|Title:||Ab initio chemical kinetics and flickering flame dynamics of n-alkane fuel combustion|
|Advisors:||Zhang, Peng (ME)|
Wen, Chih-yung (AAE)
Hong Kong Polytechnic University -- Dissertations
|Department:||Department of Mechanical Engineering|
|Pages:||xxii, 166 pages : color illustrations|
|Abstract:||The thesis consists of two parts. In Part 1, the ab initio chemical thermodynamics and chemical kinetics of typical combustion reactions of large straight-chain alkanes were investigated computationally. In Part 2, the dynamical behaviors of coupled flickering buoyant diffusion flames of alkane fuels were investigated experimentally. Four main studies and achievements are summarized as follows.|
1. Accurate thermochemical data are of great importance in developing quantitatively predictive reaction mechanisms for transportation fuels, which are primarily composed of large hydrocarbon molecules, especially of long-chain alkanes containing more than 10 carbon atoms.
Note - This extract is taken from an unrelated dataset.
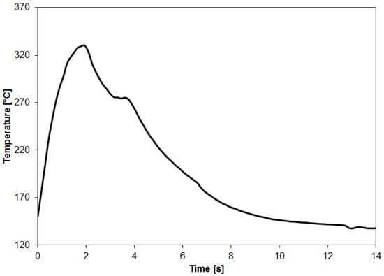 A representative curve of the temperature evolution on the aluminum surface during the FSpJ process (RS: 1900 rpm, PD: 0.8 mm, JT: 4 s, JF: 6 kN).

The thesis presents an ONIOM[QCISD(T)/CBS:DFT]-based theoretical thermochemistry study on the hydrogen abstraction reactions of straight-chain alkanes, n-CnH2n+2 + R (n = 1-16, R = H, OH, HO2). These reactions (n ≥ 10) are computationally intractable for the prevalent high-level ab initio methods but are readily dealt with by the ONIOM-based method. The calculated results are in very good agreement with those obtained by using the widely accepted high-level QCISD(T)/CBS method, and their discrepancies are generally less than 0.10 kcal/mol. The present results demonstrate that the ONIOM-based method provides an accurate and efficient approach for the computational thermochemistry of large straight-chain hydrocarbon molecules in transportation fuels.
2. Besides the single-point energy, the partition function is another crucial factor in the calculation of thermochemistry and chemical kinetics of large straight-chain alkanes. In the present thesis, we aimed to propose a systematic method to assess and explain the performance of variants of the MS-T (the multi-structural approximation with torsional anharmonicity) method which have widely used for large molecules. First, we proposed the simplest variant MS-2NN (two nearest neighborhood torsions are coupled) and systematically validated it for large alkanes n-CnH2n+2 (n=6-10) and their transition states of hydrogen abstraction reactions. Second, we proposed a metric-based method to explain the underlying reason for the good performance of MS-2NN ⎯ it includes the torsional conformers that have dominant contributions to the partition function calculations. These conformers are closer to the lowest-energy conformer in the space of dihedral and energy metrics. Third, the same observation and explanation apply to the other two variants, MS-2DT (any two torsions are coupled) and MS-3DT (any three torsional are coupled), which contain increasingly more torsional conformers than MS-2NN but are subsets of the complete set of torsional conformers considered by the MS-T method. Overall, the present method provides a mathematically rigorous and computationally effective diagnosis tool to assess various MS-T methods dealing with the torsional anharmonicity of large molecules in partition function calculation.
3. Torsional modes within a complex molecule containing various groups are often strongly coupled so that the harmonic approximation and one-dimensional torsional treatment are inaccurate to evaluate their partition functions. Although the MS-T method has been proposed to deal with the torsional anharmonicity, it approximates the exact "almost periodic" potential energy as a summation of local periodic functions with symmetric barrier positions and heights. In the present thesis, we illustrated that the approximation is inaccurate when the torsional modes present non-uniformly distributed local minima. Therefore, we proposed an improved method (MS-ASB) to reconstruct the approximate potential to replace the periodic potential by using the information of the local minima and their Voronoi tessellation.
4. Regardless of the noteworthy progress in experimental progress in discovering dynamical behaviors of coupled multiple flickering diffusion flames, there are two major deficiencies in the existing experimental studies to be solved and the understanding of the multiple coupled flickering diffusion flames is still in the infant stage. Consequently, we established a well-controlled gaseous n-alkane diffusion flame experiment which well remedies the deficiencies of prevalent candle-flame experiments, and we developed a Wasserstein-space-based methodology for dynamical mode recognition, which is validated in the present triple-flame systems but can be readily generalized to the dynamical systems consisting of an arbitrary finite number of flames. By use of the present experiment and methodology, seven distinct stable dynamical modes were recognized, such as the in-phase mode, the flickering death mode, the partial flickering death mode, the partial in-phase mode, the rotation mode, the partial decoupled mode, and the decoupled mode. These modes unify the literature results for triple flickering flame system in the straight-line and equal-lateral triangle arrangements. Compared with the mode recognitions in physical space and phase space, the Wasserstein-space-based methodology avoids personal subjectivity and is more applicable in high-dimensional systems, as it is based on the concept of distance between distribution functions of phase points. Consequently, the identification or discrimination of two dynamical modes can be quantified as the small or large Wasserstein distance, respectively.